Ampere's Law: Find |H| at (6cm, 9cm, 0) in Toroid

[Natalie89]

1. Homework Statement

A toroid of a circular cross section whose center is at the origin and the axis the same as the z-axis has 1000 turns with po=10cm, a=1cm. If the toroid carries a 100mA current, find |H| at (6cm, 9cm, 0).



2. Homework Equations

How do I calculate |H| at certain points?



3. The Attempt at a Solution

Knowing that H = NI / 2*pi*po, and po - a < p < po + a, I have found p to be between 9cm and 11 cm.

I assumed H = H1 + H2.

If H1 = ((1000)(0.1) / 2 * pi * 0.9) * (0.06x + 0.09y) = 10.61x + 15.92y
Similarly, H2 is the same except p = 0.11 m. Therefore H2=8.68x + 13.02y.
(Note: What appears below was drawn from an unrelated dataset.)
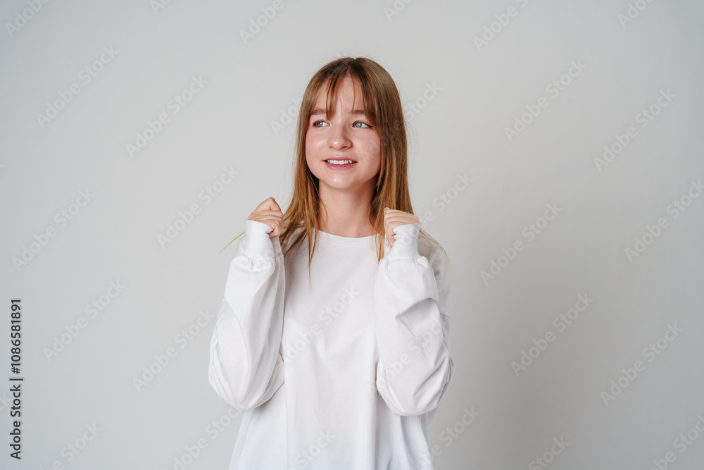 A joyful young girl with long hair wearing a white sweater stands against a plain background

After adding the two, and then finding the magnitude I get 34.8 A/m, but the answer is 147.1 A/m.

 

[kuruman]

I don't know what H1 and H2 are and you don't explain. Look, you have a formula that gives H as a function of the radius. Everywhere at that radius the field is the same. So, at what radius is point (6 cm, 9 cm, 0)?

 

[Natalie89]

H1 and H2 are H, except one is calculated at 9cm and one is calculated at 11cm. H, I'm assuming, is the sum.

 

[kuruman]

No it is not the sum. At a given radius r

$$H=\mu_{0}\frac{N I}{2\pi r}$$

The above expression says "You give me the radius, I will give you H."

So, at what radius is point (6 cm, 9 cm, 0)?

 

[Natalie89]

Ok thank you! That helps a lot. Even if I do find 'r', what do I do with the a and p values?

 

[kuruman]

What do the a and p values represent?